人材育成に課題8割超 OFF-JT費用増も自己啓発は35.5%に低下 厚労省

最終更新日:2026.07.31

厚生労働省は2026年7月31日、令和7年度「能力開発基本調査」の結果を公表しました。人材育成に何らかの問題があるとする事業所は80.1%にのぼり、労働者の自己啓発実施率は35.5%へ低下しました。

ニュースの概要

調査は企業7,452社、事業所7,194か所、労働者個人20,127人を対象に実施されました。企業・事業所調査は令和7年10月1日から31日、個人調査は同年11月15日から12月16日にかけて行われています。

企業側の結果では、OFF-JT(通常の業務を離れて行う研修)に費用を支出した企業の割合は54.4%で、前年度から0.5ポイント低下しました。

一方で労働者一人当たりのOFF-JT費用は2.0万円と0.5万円増えており、自己啓発支援費用は0.4万円で前年度と同額でした。

正社員に対して計画的なOJTを実施した事業所は60.6%で0.5ポイント低下しています。人材育成に関して何らかの問題があるとする事業所は80.1%と0.2ポイント上昇し、正社員向けのキャリアコンサルティング制度がある事業所は48.4%で1.0ポイント低下しました。

制度面では、教育訓練休暇制度を導入している企業は5.7%、教育訓練短時間勤務制度は4.7%にとどまります。

労働者側では、OFF-JTを受講した割合が37.3%と0.3ポイント上昇した一方、自己啓発を行った割合は35.5%で1.3ポイント低下しました。

属性別では正社員43.3%に対し正社員以外は15.9%、男性40.3%に対し女性29.8%と、開きが残っています。

リスキリングドットコムの見解

リスキリングドットコムとしては、今回の数字に「投資する企業はさらに増やし、動かない企業は動かないまま」という二極化が表れている点に注目しています。
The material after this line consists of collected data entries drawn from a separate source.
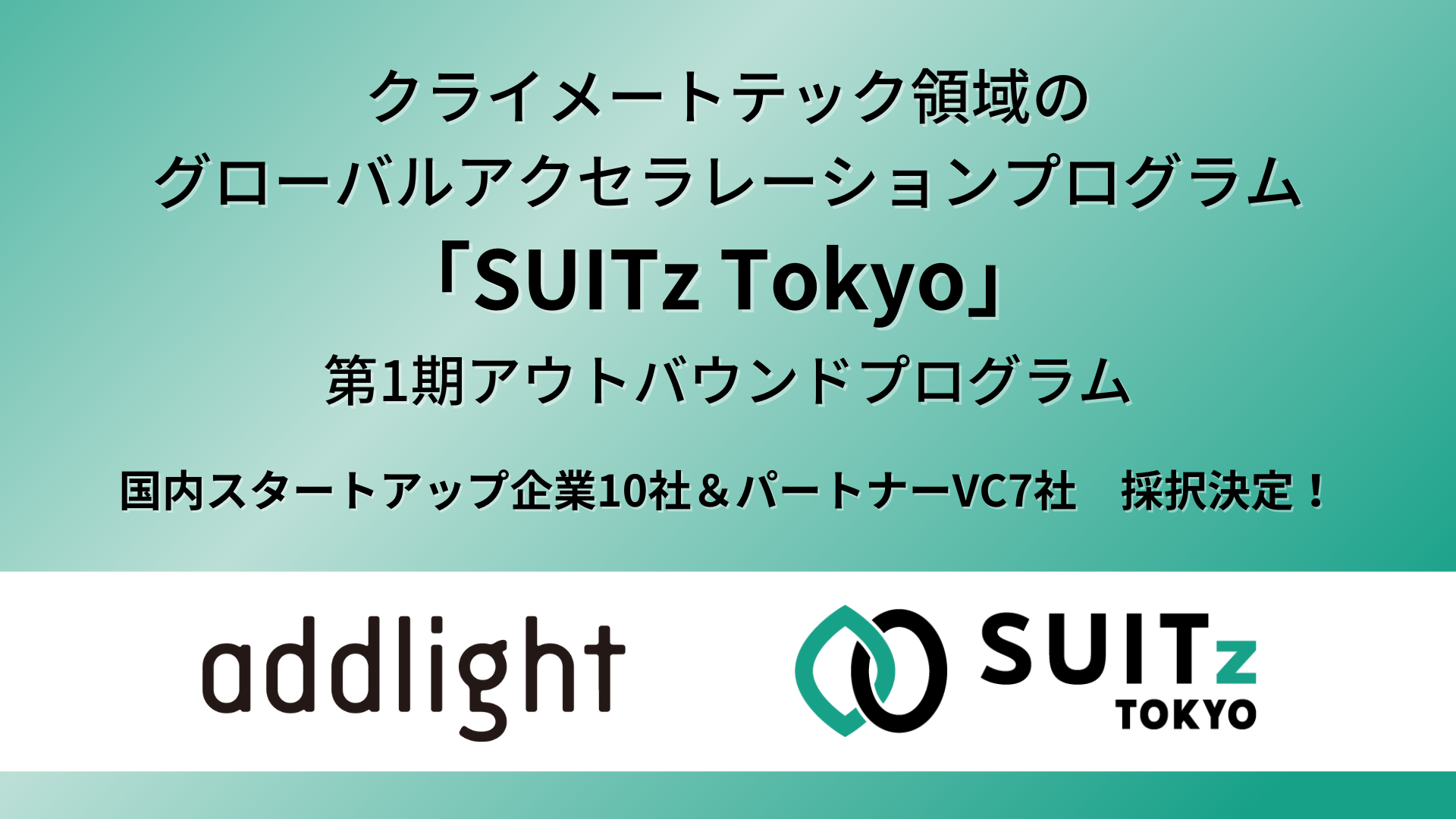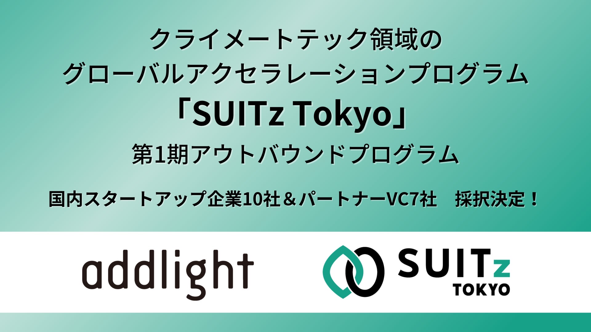 この度、①SUITz TOKYO Outbound Acceleration Program(海外展開を志す東京拠点のクライメートテック・スタートアップに対して、同分野に強みを持つグローバルVCとのマッチングの機会を提供し、資金調達を支援するプログラム)における、第1期に採択する国内スタートアップ企業10社と、パートナーVC7社を決定いたしました。
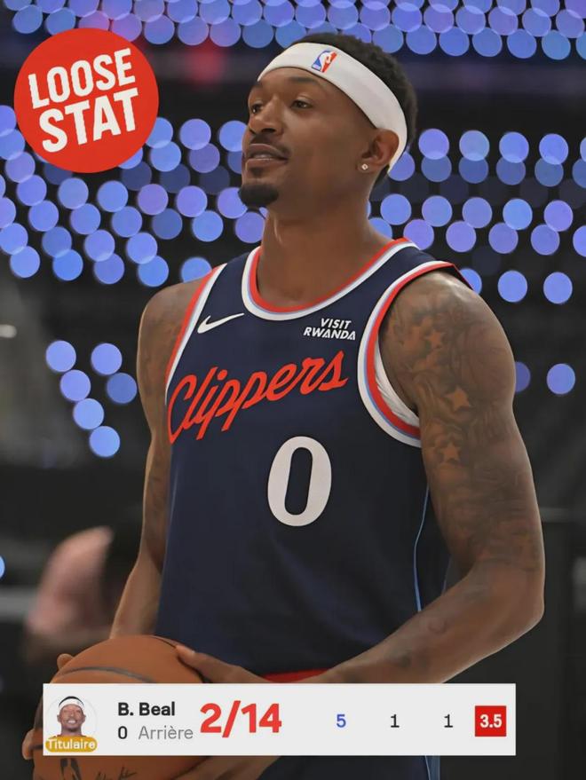 比尔本赛季在快船首发出战5场比赛,场均出战20.2分钟,仅得到7.4分1篮板1.4助攻0.4抢断0盖帽,投篮命中率35.9%,罚球命中率66.7%,这7项数据均是生涯最低。三分命中率33.3%,生涯第二低,仅高于2021-22赛季的30%。
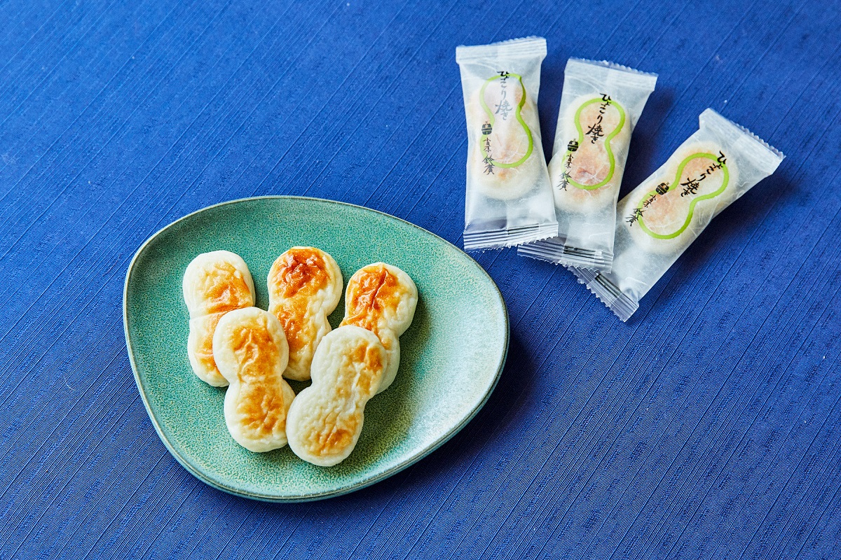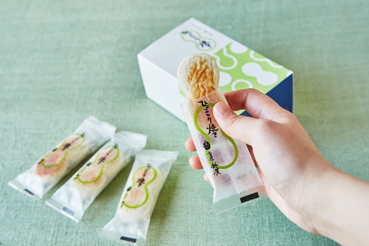 “ひと口でも美味しい、ふた口でも美味しい”というコピーのとおり、次から次へと手がのびると老若男女問わず人気が高い「ひょっこり焼き」。ふっくら軽い食感なのに旨みはしっかり、という絶妙な美味しさの秘密は、風味の強いカマスをメインに使った特別なすり身と、そこにふんわり混ぜ込まれたメレンゲ、そして、優しい風味の豆乳です。小ぶりのひょうたん型が目にも楽しく、おみやげや贈り物に選べば、送られた人も送った人も笑顔になること間違いなしです。
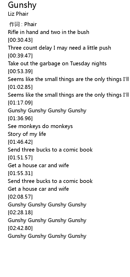 | [02:31.25] | Gunshy Gunshy Gunshy Gunshy |
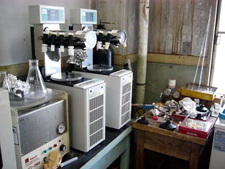 凍結乾燥機2セット設置.化学の実験室らしく,ガラス細工コーナーも一応残されているが,場所の有効利用の点から撤去は時間の問題.優先順位を付けて行かないと研究用設置面積が確保できない. |
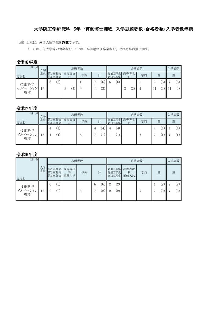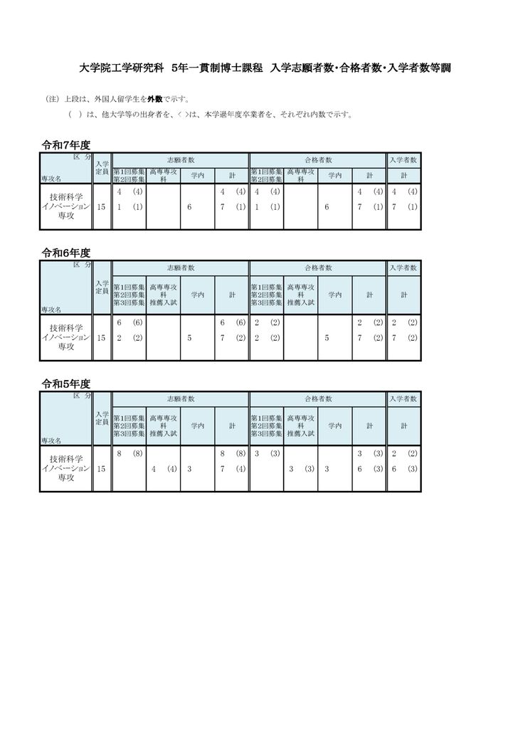 最近の志願者数・合格者数・入学者数(5年一貫制博士課程)
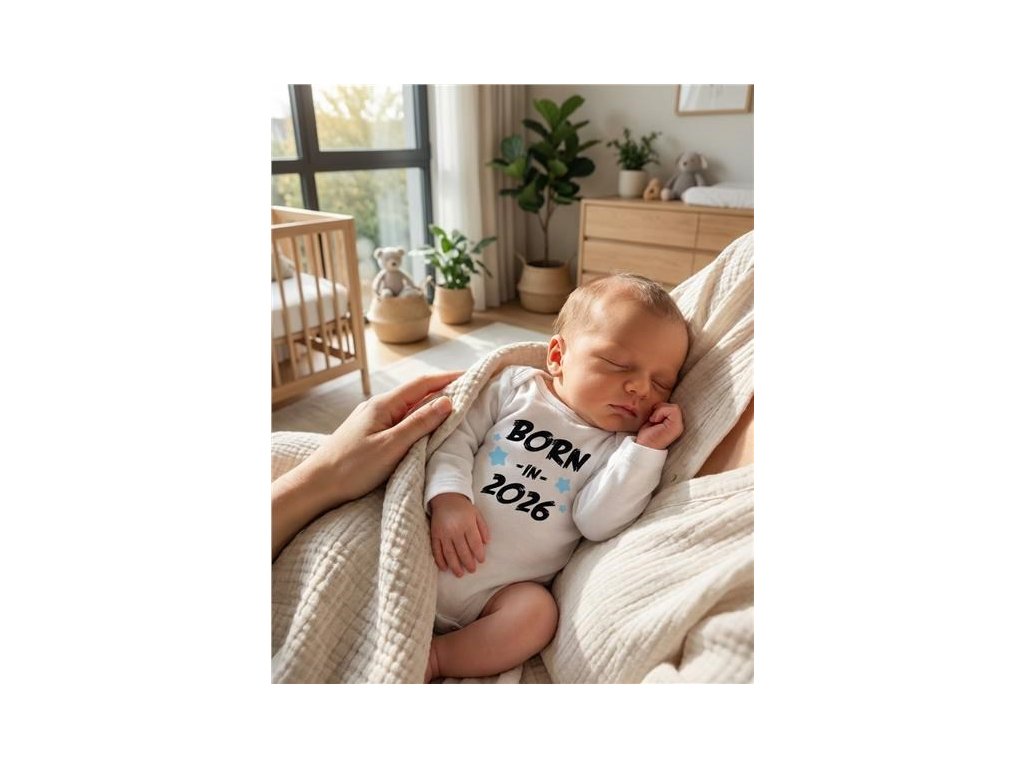 Dětské body s potiskem New Baby BORN IN 2026 blue 68 (4-6m)

一人当たりのOFF-JT費用が2.0万円へ増えた一方で、費用を支出した企業の割合は54.4%へ低下しました。

原資を投じる企業が絞られつつあることを示唆します。より気がかりなのは自己啓発の低下と、正社員以外15.9%、女性29.8%という差です。

AI活用が現場に広がるほど、学ぶ機会の差はそのまま成果の差になりやすくなります。教育訓練休暇制度の導入が5.7%にとどまる現状を踏まえると、費用の増額だけでなく、学ぶ時間を業務時間内に確保する設計が重要です。

キャリアコンサルティング制度の後退も、育成を個人任せにしない仕組みづくりが求められていることを示しています。